• Prompt:
Retype each line of the data below exactly, beginning with the first and ending with the one that contains "Fresco in church". Pictures do not belong in the copy.

• Information provided:
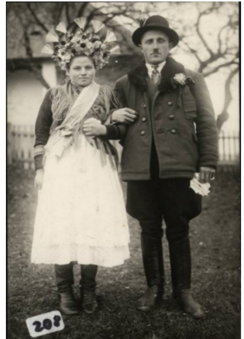
Slovakian bride and groom in the Fagetu locality – photograph taken on 26.11.1933

Slovak culture, calendar customs form a special structure that is strictly respected by all members of the community. Here are some of the most important holidays of the Slovak community:
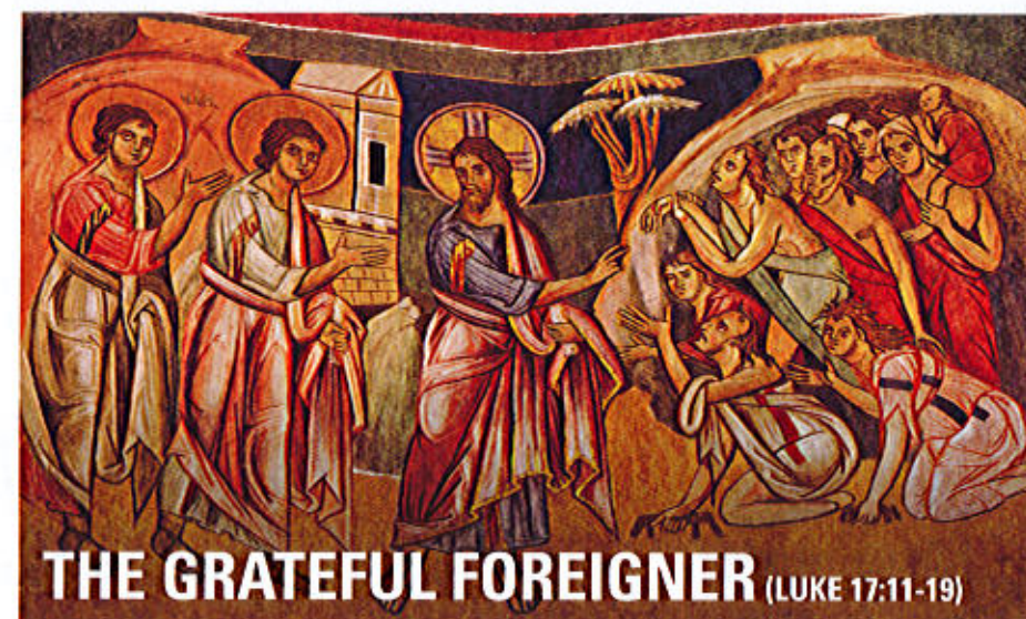
Fresco in church in Parma, Italy, depicting Jesus healing the ten lepers

Jesus' journey to Jerusalem continues southwards towards the hostile region of Samaria. Pilgrims on the way to the Holy City often encountered difficulties from the Samaritans, who had been the enemies of the Jewish people for more than 500 years.

• Exercise answer:
Slovakian bride and groom in the Fagetu locality – photograph taken on 26.11.1933

Slovak culture, calendar customs form a special structure that is strictly respected by all members of the community. Here are some of the most important holidays of the Slovak community:
Fresco in church in Parma, Italy, depicting Jesus healing the ten lepers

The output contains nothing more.